Doctors, not politicians, should be making decisions on patient care.
And the B.C. government’s handling of a controversial, costly treatment for 10-year-old Charleigh Pollock just showed why.
Charleigh has a form of Batten disease. It’s genetic, extremely rare, incurable and kills at an early age, with cruel and worsening symptoms.
Since 2019, the Langford girl has been receiving Brineura, a medication that has shown some success in slowing her disease progression, at a cost of $800,000 a year. It’s made by BioMarin Pharmaceutical Inc., an $11-billion California-based company with $2.9 billion in sales in 2024, up 18 per cent from a year earlier.
Charleigh’s parents — understandably — want to continue the treatment. She can no longer walk or speak, but they say it has reduced her seizures. And there is always the hope of buying time until more effective treatments might be discovered.
Drug companies like BioMarin justify high prices for rare disease treatments by pointing to high research and development costs and limited markets. (Raising questions about whether more of the research should be publicly funded and not dependent on profit potential.)
Given the extraordinary costs, limited health budgets and intense drug company marketing efforts, governments need to be sure treatments are effective.
Since 2007, the B.C. government has relied on assessments from the Expensive Drugs for Rare Diseases committee, with more than 50 members. The researchers, doctors and experts are unpaid and tasked with assessing whether drugs are effective and making recommendations to the health ministry. It’s challenging, in part because there is limited data on drugs used by only a handful of patients.
The committee panel concluded Brineura was no longer effective as Charleigh’s illness progressed. The ministry asked for another review and the findings were unchanged.
So funding for Charleigh’s treatment ended, a decision Health Minister Josie Osborne publicly defended despite political and media pressure.
Until last month, when the government reversed course and agreed to pay for the drug. Osborne said she made the decision after getting a letter from 12 doctors and one neuroscientist from around the world saying Charleigh’s treatment should continue.
That showed “a significant disagreement between health experts on Brineura, and it is not acceptable that Charleigh and her family suffer as a result,” she said.
Premier David Eby offered the same justification, claiming the government had to deal with arguments between “two groups of experts fighting it out” in deciding on funding.
But reporting from the Vancouver Sun’s Gordon Hoekstra showed “two groups of experts fighting it out” doesn’t really cover the situation.
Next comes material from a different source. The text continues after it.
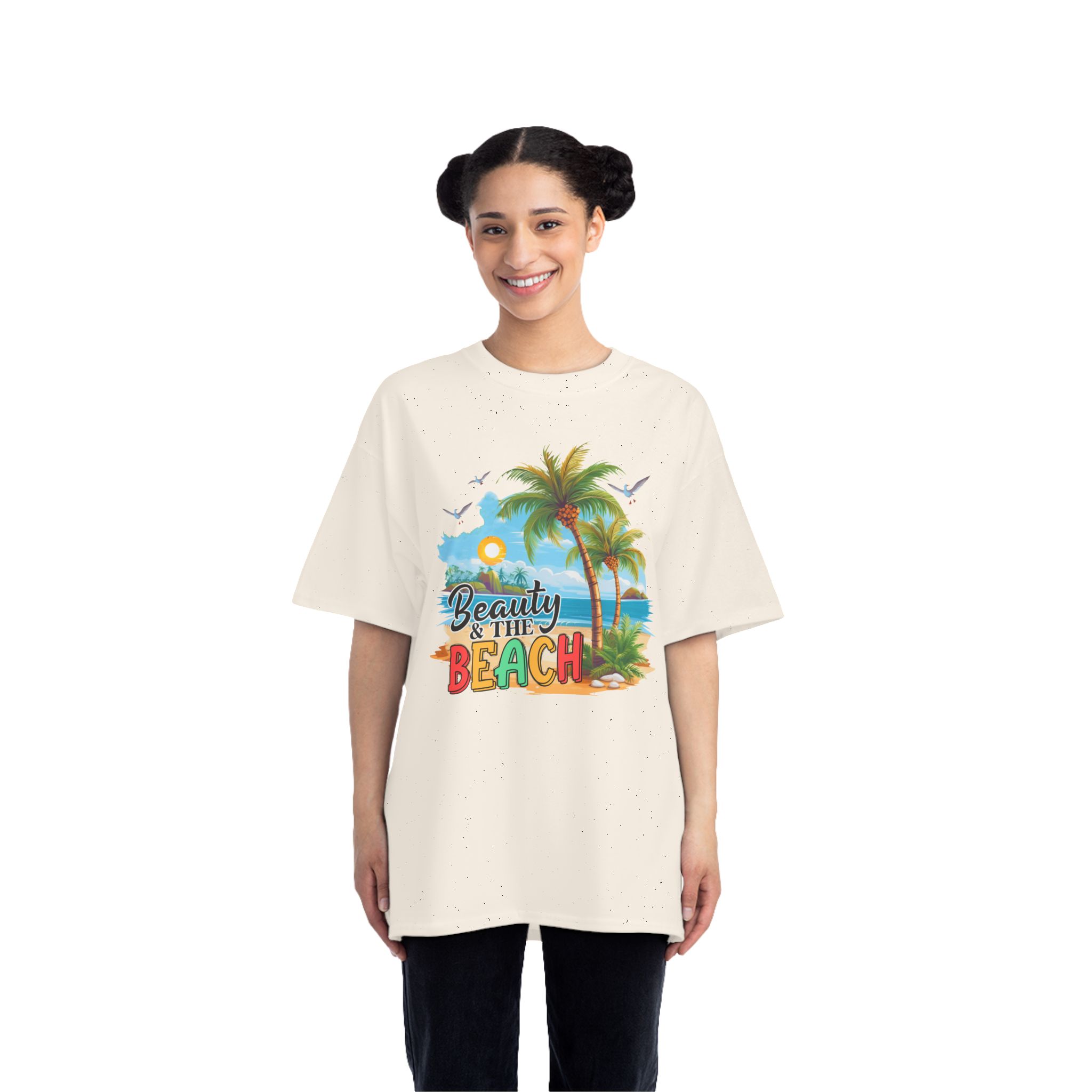 Beauty and the beach Design, These personalized Beefy-T® short-sleeve tees can now accommodate your personal designs and become a stylish wardrobe staple. Made with 100% pre-shrunk, ring-spun cotton for supreme softness in any occasion. With shoulder-to-shoulder taping, and double-needle stitched, lay-flat collars, sleeves, and bottom hem, these personalized t-shirts pass any durability test with flying colors.

The Expensive Drugs for Rare Diseases committee offered evidence-based advice based on the science. They were physicians, researchers and other experts, volunteers willing to provide independent guidance in the public interest.
The letter that prompted Osborne to change her mind came from 13 people.
And as Hoekstra reported “eight have declared conflicts in the past five years in papers… because they have consulted for, been paid by, or received grants from California-based BioMarin Pharmaceutical Inc.”
Another doctor reported being a consultant for BioMarin for four years and was paid by BioMarin to be on a medical podcast.
“Three other doctors who signed the letter have relationships with foundations that advocate and raise money for Batten disease research,” Hoekstra reported.
Why would Eby and Osborne deem those two equivalent voices?
Some members of the Expensive Drugs for Rare Diseases committee asked the same question after their work was rejected in favour of the advocates aligned with the pharma company’s interests. At least 10 resigned. A program that has served British Columbians well for decades is in shambles because the government threw the participants under the bus once the political heat got too intense.
Eby called it a “secret committee within the Ministry of Health speaking only through politicians” and trashed the committee process.
And he chose to overrule the expert committee and turn what had been a scientific, evidence-based decision into a political one, based on lobbying efforts from scientists linked to the drug company and other pressure.
There are two big questions here.
One is scientific and medical. Drug companies are developing treatments for rare diseases that can cost millions per patient. B.C. spent $153 million dollars on rare disease drugs in the 2024 fiscal year ending in March 2024, up 52 per cent from the previous year. At the current growth rate, Colin Dormuth and Ken Bassett of the Therapeutics Initiative wrote in the Vancouver Sun, B.C. will pass $1.6 billion per year in rare disease drug costs in five years. “It will pass $11.3 billion annually in 10 years, solely devoted to drugs for less than one per cent of the population, equivalent to almost a third of today’s total health-care budget.”
Emerging treatments are a cause for celebration. But they also mean governments need to ensure effectiveness.
The B.C. government didn’t do that.
The other is integrity. The government could have decided to fund Charleigh’s continued treatment and acknowledged it was responding to pressure and choosing compassion over evidence.
Instead, it suggested the committee had botched its work and failed the public. Some media joined in, accusing members of lacking compassion. That claim stung and was false, said Dr. Sandra Sirrs, one of the members who resigned.
“Like holy God, you have no idea the amount of consideration and thoughtful discussion,” she said. “What we want is we want Charleigh not to have that disease, and if we couldn’t have that, what we want is a drug that reverses the changes she suffered from Batten disease.”
And the review found Brineura would no longer do that.